Personal information
- Born: 18 January 1949 (age 77) Lyon, France

Chess career
- Country: France
- Peak rating: 2290 (July 1991)

= Michel Benoit =

French chess player

Michel Benoit (born 18 January 1949), is a French chess player, French Chess Championship winner (1973).

==Biography==
From the late 1960s to the early 1980s, Michel Benoit was among the leading French chess players.
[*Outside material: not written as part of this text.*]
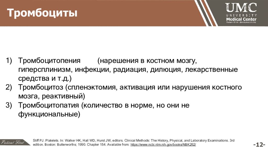 - 12- Тромбоциты Тромбоцитопения (нарешения в костном мозгу, гиперсплинизм, инфекции, радиация, дилюция, лекарственные средства и т.д.) Тромбоцитоз (спленэктомия, активация или нарушения костного мозга, реактивный) Тромбоцитопатия (количество в норме, но они не функциональные) Stiff PJ. Platelets. In: Walker HK, Hall WD, Hurst JW, editors. Clinical Methods: The History, Physical, and Laboratory Examinations. 3rd edition. Boston: Butterworths; 1990. Chapter 154. Available from: https://www.ncbi.nlm.nih.gov/books/NBK262/

In 1973, in Vittel he won French Chess Championship.

Michel Benoit played for France in the Chess Olympiad:
- In 1974, at second reserve board in the 21st Chess Olympiad in Nice (+5, =2, -4).

Michel Benoit played for France in the World Student Team Chess Championships:
- In 1968, at first board in the 15th World Student Team Chess Championship in Ybbs (+1, =4, -5),
- In 1969, at first board in the 16th World Student Team Chess Championship in Dresden (+2, =3, -3).

Michel Benoit played for France in the Men's Chess Mitropa Cup:
- In 1978, at fourth board in the 3rd Chess Mitropa Cup in Ciocco (+4, =0, -2) and won individual gold medal,
- In 1981, at third board in the 6th Chess Mitropa Cup in Luxembourg (+0, =1, -3).

In the 1990s-2000s Michel Benoit participated mainly in Open chess tournaments and team chess competitions.